— Your objective —
In the listing below, which lines contain the string "from"? Copy them all.

— Given records —

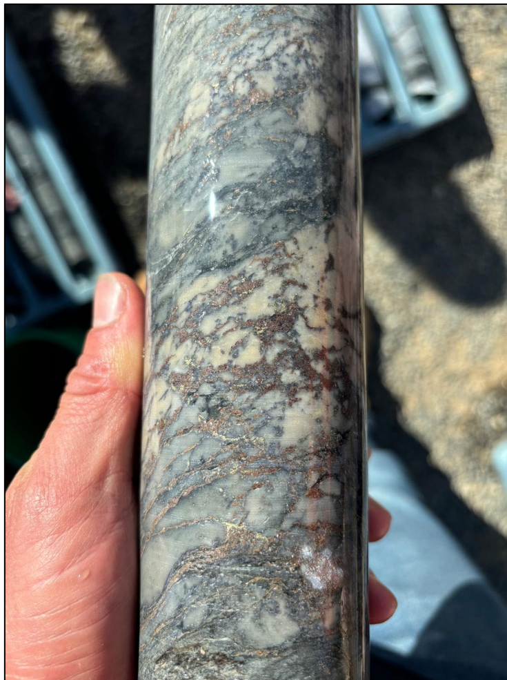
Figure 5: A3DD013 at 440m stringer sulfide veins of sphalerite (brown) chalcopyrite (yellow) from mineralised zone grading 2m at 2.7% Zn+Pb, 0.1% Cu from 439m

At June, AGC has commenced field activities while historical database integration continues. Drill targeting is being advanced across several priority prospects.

--

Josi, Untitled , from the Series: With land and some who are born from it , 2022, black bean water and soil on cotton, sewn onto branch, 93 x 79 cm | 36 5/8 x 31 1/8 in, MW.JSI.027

— Solution below —
Figure 5: A3DD013 at 440m stringer sulfide veins of sphalerite (brown) chalcopyrite (yellow) from mineralised zone grading 2m at 2.7% Zn+Pb, 0.1% Cu from 439m
Josi, Untitled , from the Series: With land and some who are born from it , 2022, black bean water and soil on cotton, sewn onto branch, 93 x 79 cm | 36 5/8 x 31 1/8 in, MW.JSI.027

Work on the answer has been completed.